REQUIREMENT :: Find the line with "Am Christtag zelebrierte". Repeat it and each line after it, exactly, down to the end of the records below.

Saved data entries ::

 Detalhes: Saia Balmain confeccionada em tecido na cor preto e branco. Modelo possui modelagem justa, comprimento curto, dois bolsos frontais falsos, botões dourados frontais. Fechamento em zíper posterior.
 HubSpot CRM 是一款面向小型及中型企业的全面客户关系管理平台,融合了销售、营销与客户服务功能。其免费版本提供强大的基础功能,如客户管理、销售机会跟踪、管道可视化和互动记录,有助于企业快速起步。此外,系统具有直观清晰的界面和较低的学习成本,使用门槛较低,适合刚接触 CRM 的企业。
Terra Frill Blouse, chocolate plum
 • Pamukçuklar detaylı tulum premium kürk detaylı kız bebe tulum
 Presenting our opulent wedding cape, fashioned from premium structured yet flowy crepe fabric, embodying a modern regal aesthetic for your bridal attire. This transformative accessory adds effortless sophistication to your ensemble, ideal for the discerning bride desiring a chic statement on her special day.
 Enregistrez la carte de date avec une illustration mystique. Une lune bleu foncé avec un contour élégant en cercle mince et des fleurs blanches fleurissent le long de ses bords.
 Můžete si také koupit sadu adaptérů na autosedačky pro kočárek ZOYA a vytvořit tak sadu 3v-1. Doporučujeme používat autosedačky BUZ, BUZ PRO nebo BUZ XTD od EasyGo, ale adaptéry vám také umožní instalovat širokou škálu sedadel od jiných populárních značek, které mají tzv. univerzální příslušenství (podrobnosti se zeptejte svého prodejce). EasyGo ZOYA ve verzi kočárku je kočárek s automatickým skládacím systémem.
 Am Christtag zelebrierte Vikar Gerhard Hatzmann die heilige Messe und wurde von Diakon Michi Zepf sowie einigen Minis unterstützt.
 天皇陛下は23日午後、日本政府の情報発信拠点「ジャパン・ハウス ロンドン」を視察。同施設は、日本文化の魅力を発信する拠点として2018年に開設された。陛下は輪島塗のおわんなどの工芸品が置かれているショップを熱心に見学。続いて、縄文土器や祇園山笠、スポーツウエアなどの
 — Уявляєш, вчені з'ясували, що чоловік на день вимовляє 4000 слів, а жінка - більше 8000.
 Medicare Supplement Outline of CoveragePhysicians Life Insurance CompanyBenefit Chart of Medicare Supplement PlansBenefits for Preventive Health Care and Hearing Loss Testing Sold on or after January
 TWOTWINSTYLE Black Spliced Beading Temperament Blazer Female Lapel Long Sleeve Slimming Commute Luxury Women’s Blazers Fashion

RESULT ::
 Am Christtag zelebrierte Vikar Gerhard Hatzmann die heilige Messe und wurde von Diakon Michi Zepf sowie einigen Minis unterstützt.
 天皇陛下は23日午後、日本政府の情報発信拠点「ジャパン・ハウス ロンドン」を視察。同施設は、日本文化の魅力を発信する拠点として2018年に開設された。陛下は輪島塗のおわんなどの工芸品が置かれているショップを熱心に見学。続いて、縄文土器や祇園山笠、スポーツウエアなどの
 — Уявляєш, вчені з'ясували, що чоловік на день вимовляє 4000 слів, а жінка - більше 8000.
 Medicare Supplement Outline of CoveragePhysicians Life Insurance CompanyBenefit Chart of Medicare Supplement PlansBenefits for Preventive Health Care and Hearing Loss Testing Sold on or after January
 TWOTWINSTYLE Black Spliced Beading Temperament Blazer Female Lapel Long Sleeve Slimming Commute Luxury Women’s Blazers Fashion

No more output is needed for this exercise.